A eleição de 2026 tende a ser menos sobre programas de governo e mais sobre legitimidade. Menos sobre promessas e mais sobre quem parece abusar menos do poder. Se o Judiciário continuar a expandir sua atuação sem contenção simbólica, pode acabar ajudando a direita de forma involuntária, ao alimentar a desconfiança do eleitor que decide eleições.
O Nordeste será o termômetro dessa dinâmica. Se a região mantiver a confiança no sistema, Lula entra forte. Se começar a expressar cansaço, desconfiança ou simples afastamento emocional, o cenário muda rapidamente. Não haverá ruptura. Haverá deslocamento silencioso.

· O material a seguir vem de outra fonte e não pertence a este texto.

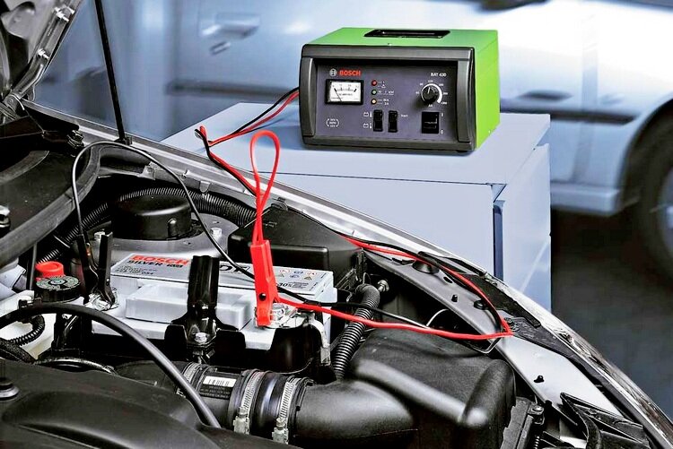 Установите подготовленный аккумулятор на горизонтальном устойчивом основании и подключите к ЗУ в последовательности: «минус», затем «плюс». Если ЗУ не снабжено кнопкой отключения – предварительно нужно вытащить его вилку из сети, а включать только после фиксации клемм. В «автоматах» режим выставлять не нужно, в «ручных» и «интеллектуальных» ЗУ допускающих регулировку вам нужно будет выбрать ток, либо – напряжение заряда.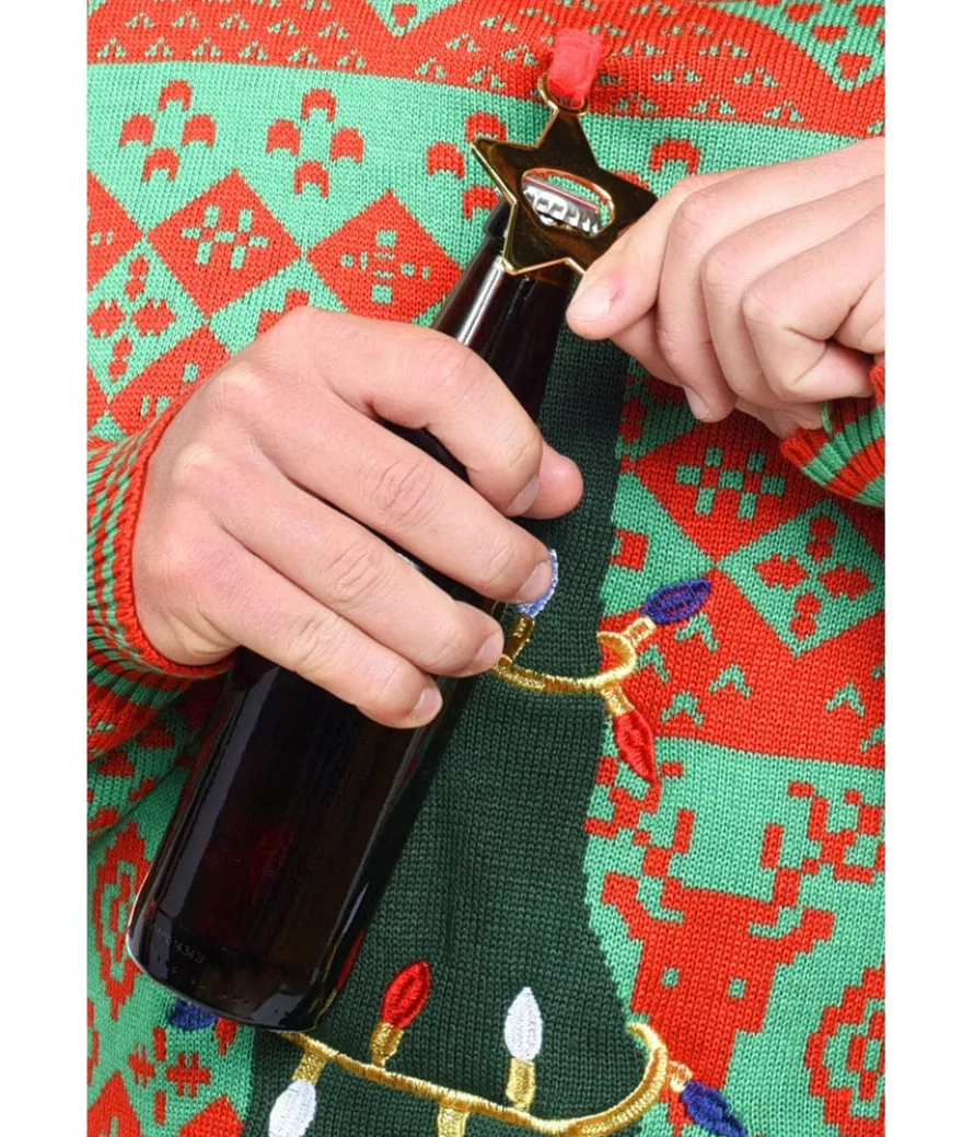 Bottles won’t be the only things opening for this sweater, if you catch our drift. The Bottle Opener Sweater comes with an attached bottle opener that also serves as the star on top of the Christmas tree that appears on the sweater. See how the Bottle Opener Sweater works in the video!

Em 2026, a disputa não será entre salvadores da pátria. Será entre narrativas de legitimidade. E, nesse terreno, a desconfiança é uma força eleitoral poderosa. Quando o árbitro passa a ser questionado, o jogo inteiro muda de natureza. Lula ainda tem vantagem. Mas ela não é estrutural. É condicional. E depende, cada vez mais, de fatores que escapam ao controle direto do governo e repousam no comportamento de instituições que, se não se contiverem, podem decidir a eleição sem jamais disputar um voto.